Exercise:
Here are some records; quote them exactly, leaving out the pictures.

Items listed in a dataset

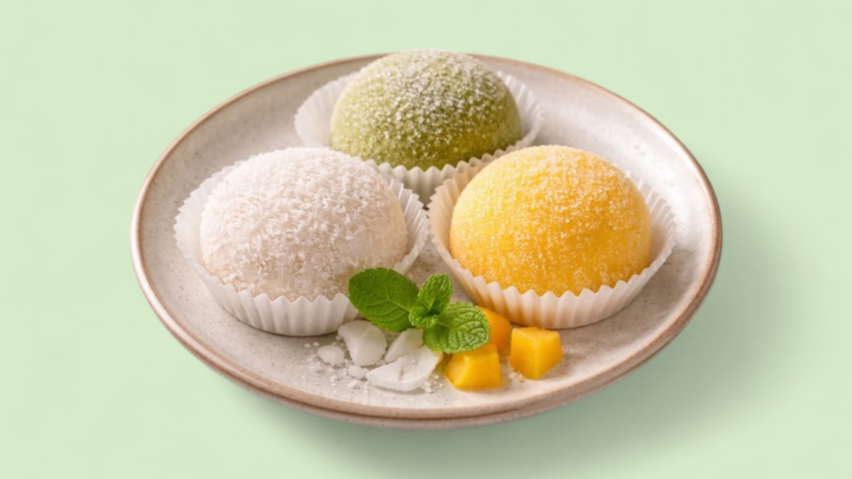 3 Stück japanische Reiskuchen aus Klebreis, mit Mango, Matcha, Kokos
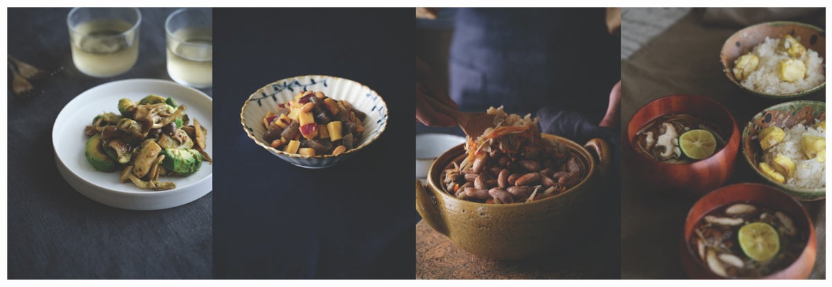(左から)焼ききのことアボカドのバルサミコ酢マリネ、さつまいも入り三目豆、落花生の炊き込みごはん、栗ごはん&きのこ汁
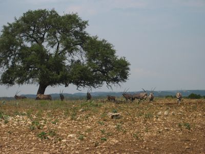 Natural Bridge Wildlife Ranch extends across 450 acres of Texas Hill Country with rolling landscapes, juniper thickets, and natural creek beds.
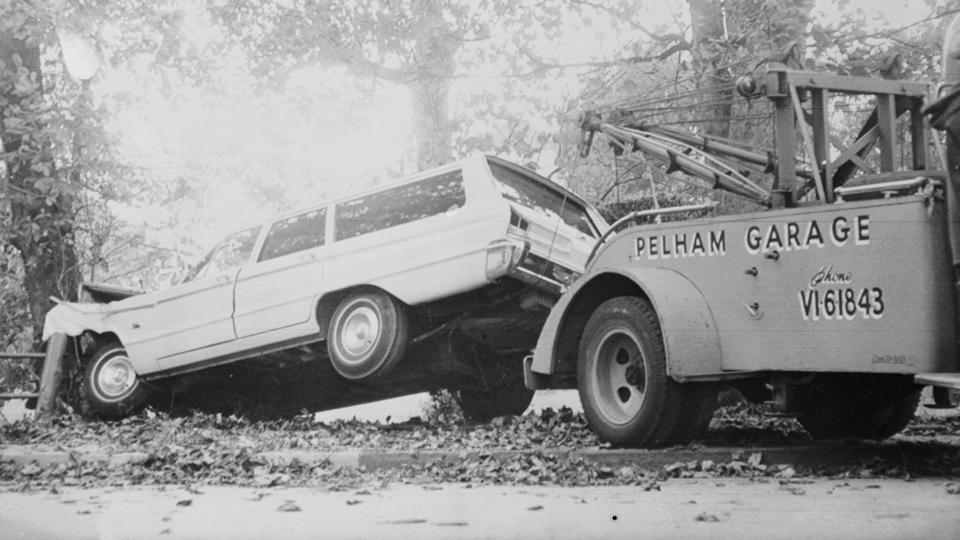 The station wagon that Doris Duke drove into Eduardo Tirella was towed away. Duke had crashed the rental car into a tree.
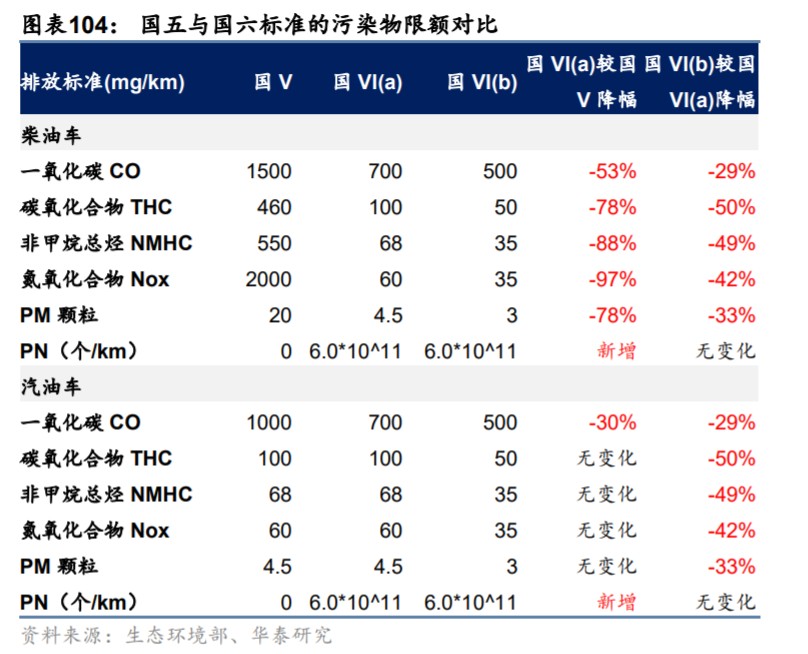 華泰證券認為,國六標準參考了美國加州和歐洲排放標準中較嚴格的部分,大幅收緊了各類污染物的排放限額,嚴格的排放限制將進一步放大龍頭公司的優勢。
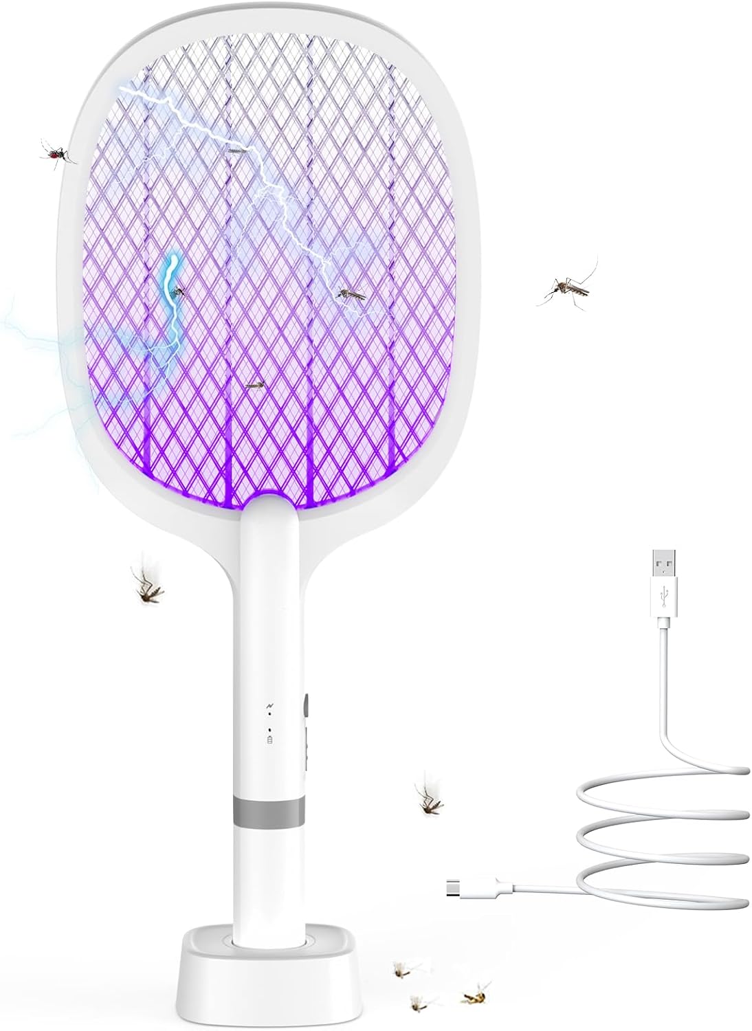 TEINNGO Raquette électrique anti-insectes 5000V rechargeable USB-C (2000 mAh) avec base
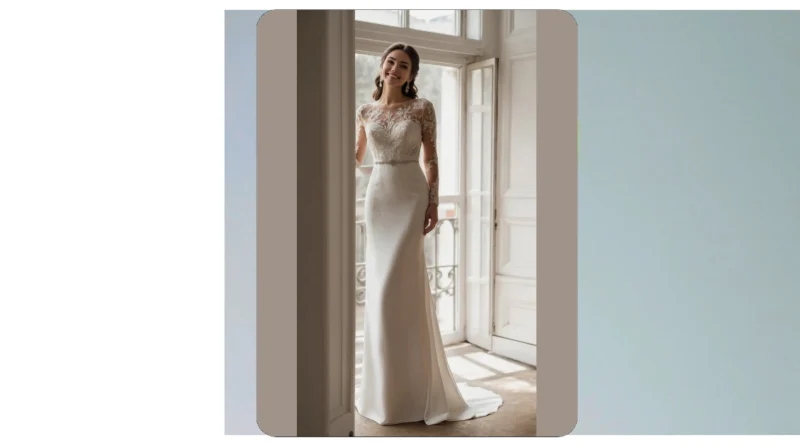 Get a load of this wedding dress! It’s got that famous “trumpet” shape, which basically means it’s super fitted until about the knee, and then BAM – it flares out dramatically like the bell of a trumpet. This style is definitely for someone who wants to make a grand entrance, maybe even requiring a red carpet and a slow-motion walk, because you’re practically floating on air. With those delicate lace sleeves and the way the silky fabric catches the light, it looks like this bride could easily be off to star in her own rom-com or, at the very least, command attention at the snack table.
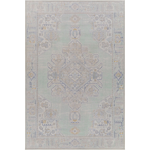 Introducing Rafetus, an exquisite area rug that will bring a unique and luxurious look to your home. The Updated Traditional style is perfect for any modern or traditional decor and the Polypropylene material ensures it is long-lasting and durable. Machine woven in Turkey with low pile, this rug is suitable for high traffic areas yet still retains its softness. For added protection, we recommend using a rug pad with this piece. Easy to care for, simply spot clean with mild detergent when needed. Bring Rafetus into your home today and enjoy the timeless elegance it brings!
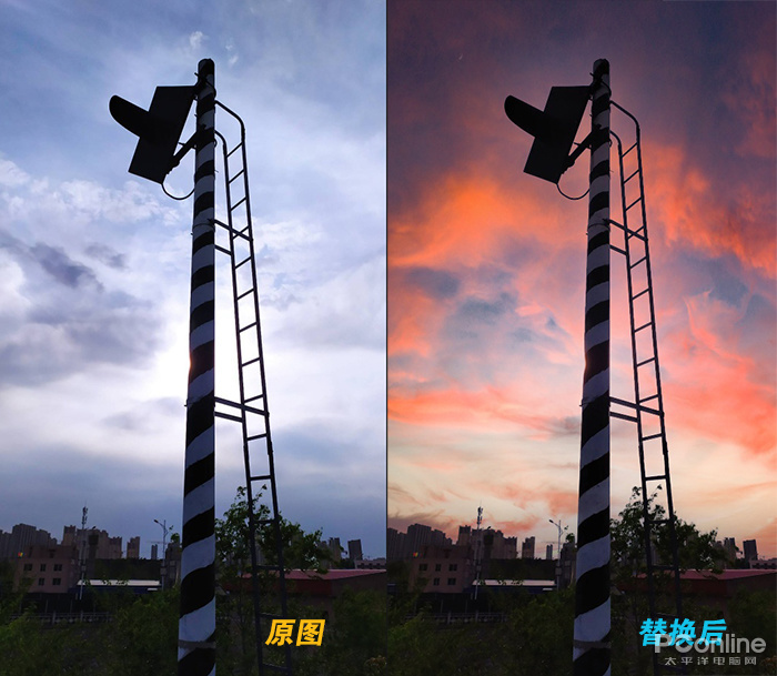 整个功能使用还是比较容易的,首先调入一张照片(带有天空场景),点击“编辑→天空替换”,稍后PS会打开一个小面板。这里最顶端是几组预置天空,分成蓝天、日落、状观三大类。想要替换某组“天空”,直接在预设栏里点击即可。除了替换天空外,前景的明暗度、色温值也会自动改变,从而看上去更加自然。
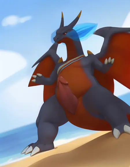"v1_normalfocus", "v1_shinyfocus", "v1_player2focus", and "v1_findigo" version are trained with images made by Mega Charizard X MMD model and chekpoints of "fluffyrock-576-704-832-960-1088-lion-low-lr-e59-terminal-snr-e32" and "Indigo Furry mix v25_anime_niji".
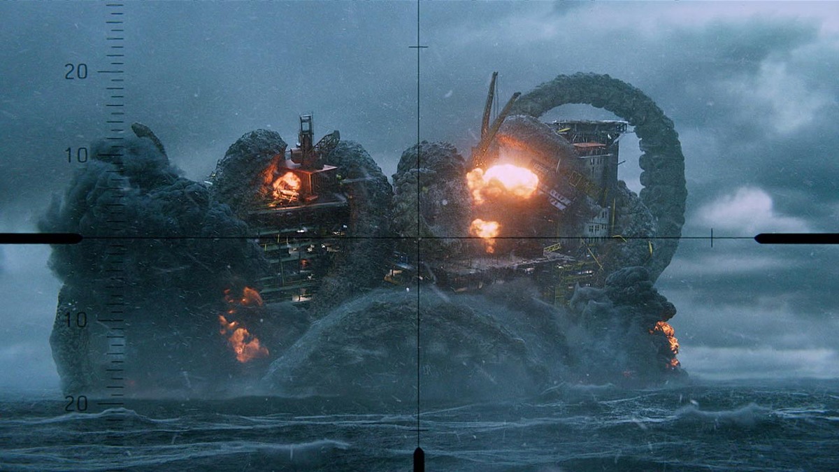 Кракена тут мало. В основном в виде гигантских щупалец, которые лезут туда и сюда по океанским глубинам, и даже из вредности потопят норвежскую нефтяную платформу. Но щупальца что надо, прямо как настоящие!
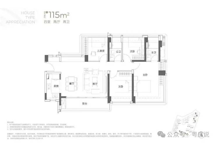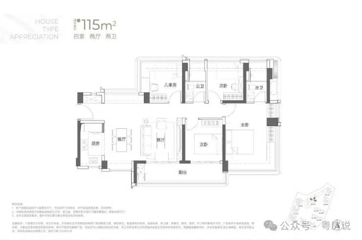 115㎡的4房2厅2卫:横厅南北通透格局,客餐厅6米开间,LDKB一体化,全屋飘窗,4个卧室分别做到了3.9米/3米/2.8米/2.6米的宽度,主卧加1个次卧270°全景飘窗,客厅出6米长的大阳台,L型厨房,得房率约95-97%(包含赠送),西南或东南朝向。115平米户型分布在1栋1单元、1栋2单元、1栋3单元01/02户型,01户型西南朝向都是看小区外围,02户型看向小区;
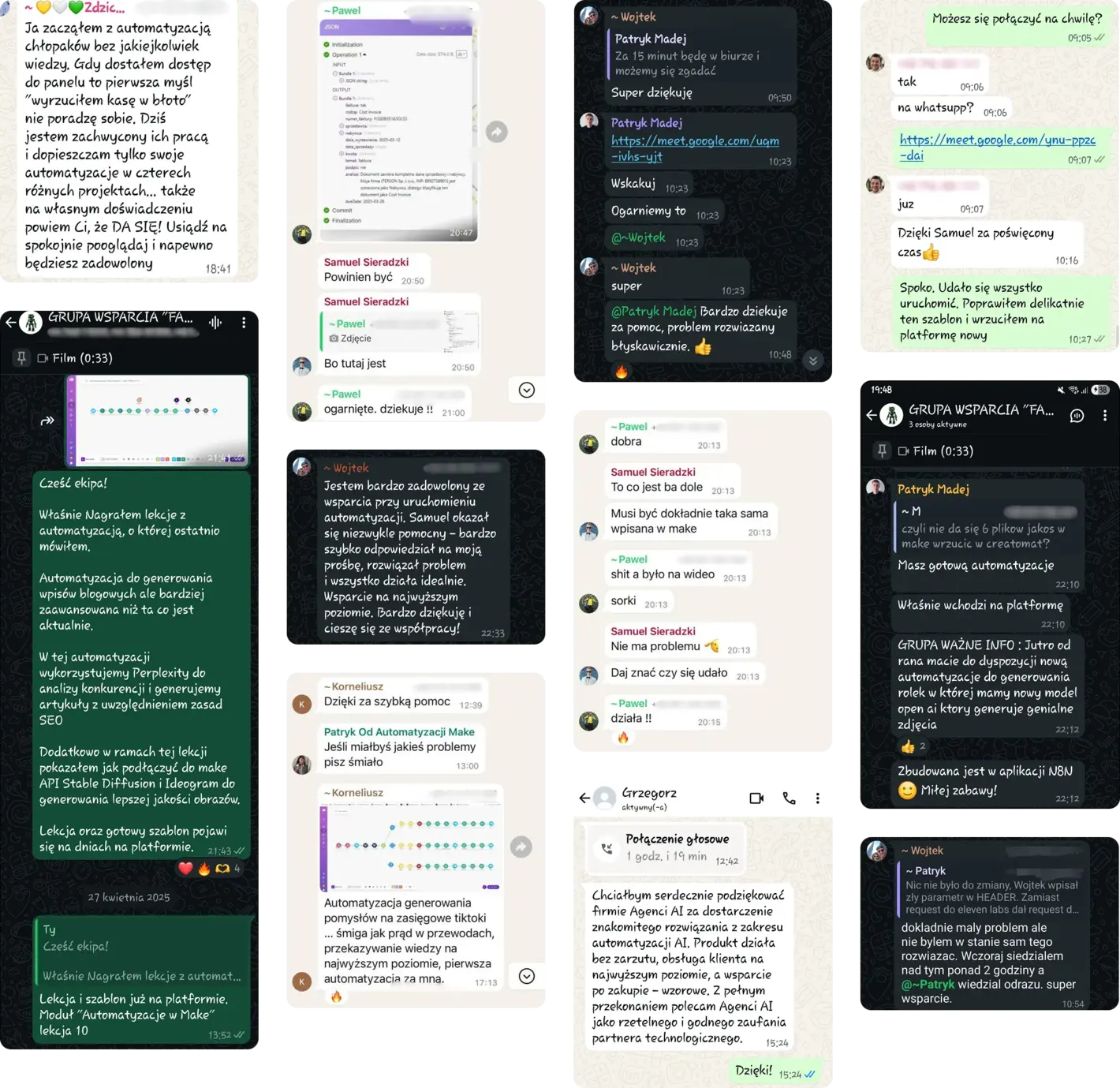 Na grupie wsparcia jest świetna atmosfera i ekspresowa pomoc – niezależnie od poziomu zaawansowania, zawsze można liczyć na konkretną, merytoryczną odpowiedź. Ekipa agenci.ai naprawdę zna się na rzeczy i potrafi dzielić się wiedzą w sposób przystępny i efektywny. Czujemy, że mamy obok siebie partnerów, którym zależy na naszym sukcesie.

Worked solution:
 3 Stück japanische Reiskuchen aus Klebreis, mit Mango, Matcha, Kokos
(左から)焼ききのことアボカドのバルサミコ酢マリネ、さつまいも入り三目豆、落花生の炊き込みごはん、栗ごはん&きのこ汁
 Natural Bridge Wildlife Ranch extends across 450 acres of Texas Hill Country with rolling landscapes, juniper thickets, and natural creek beds.
 The station wagon that Doris Duke drove into Eduardo Tirella was towed away. Duke had crashed the rental car into a tree.
 華泰證券認為,國六標準參考了美國加州和歐洲排放標準中較嚴格的部分,大幅收緊了各類污染物的排放限額,嚴格的排放限制將進一步放大龍頭公司的優勢。
 TEINNGO Raquette électrique anti-insectes 5000V rechargeable USB-C (2000 mAh) avec base
 Get a load of this wedding dress! It’s got that famous “trumpet” shape, which basically means it’s super fitted until about the knee, and then BAM – it flares out dramatically like the bell of a trumpet. This style is definitely for someone who wants to make a grand entrance, maybe even requiring a red carpet and a slow-motion walk, because you’re practically floating on air. With those delicate lace sleeves and the way the silky fabric catches the light, it looks like this bride could easily be off to star in her own rom-com or, at the very least, command attention at the snack table.
 Introducing Rafetus, an exquisite area rug that will bring a unique and luxurious look to your home. The Updated Traditional style is perfect for any modern or traditional decor and the Polypropylene material ensures it is long-lasting and durable. Machine woven in Turkey with low pile, this rug is suitable for high traffic areas yet still retains its softness. For added protection, we recommend using a rug pad with this piece. Easy to care for, simply spot clean with mild detergent when needed. Bring Rafetus into your home today and enjoy the timeless elegance it brings!
 整个功能使用还是比较容易的,首先调入一张照片(带有天空场景),点击“编辑→天空替换”,稍后PS会打开一个小面板。这里最顶端是几组预置天空,分成蓝天、日落、状观三大类。想要替换某组“天空”,直接在预设栏里点击即可。除了替换天空外,前景的明暗度、色温值也会自动改变,从而看上去更加自然。
"v1_normalfocus", "v1_shinyfocus", "v1_player2focus", and "v1_findigo" version are trained with images made by Mega Charizard X MMD model and chekpoints of "fluffyrock-576-704-832-960-1088-lion-low-lr-e59-terminal-snr-e32" and "Indigo Furry mix v25_anime_niji".
 Кракена тут мало. В основном в виде гигантских щупалец, которые лезут туда и сюда по океанским глубинам, и даже из вредности потопят норвежскую нефтяную платформу. Но щупальца что надо, прямо как настоящие!
 115㎡的4房2厅2卫:横厅南北通透格局,客餐厅6米开间,LDKB一体化,全屋飘窗,4个卧室分别做到了3.9米/3米/2.8米/2.6米的宽度,主卧加1个次卧270°全景飘窗,客厅出6米长的大阳台,L型厨房,得房率约95-97%(包含赠送),西南或东南朝向。115平米户型分布在1栋1单元、1栋2单元、1栋3单元01/02户型,01户型西南朝向都是看小区外围,02户型看向小区;
 Na grupie wsparcia jest świetna atmosfera i ekspresowa pomoc – niezależnie od poziomu zaawansowania, zawsze można liczyć na konkretną, merytoryczną odpowiedź. Ekipa agenci.ai naprawdę zna się na rzeczy i potrafi dzielić się wiedzą w sposób przystępny i efektywny. Czujemy, że mamy obok siebie partnerów, którym zależy na naszym sukcesie.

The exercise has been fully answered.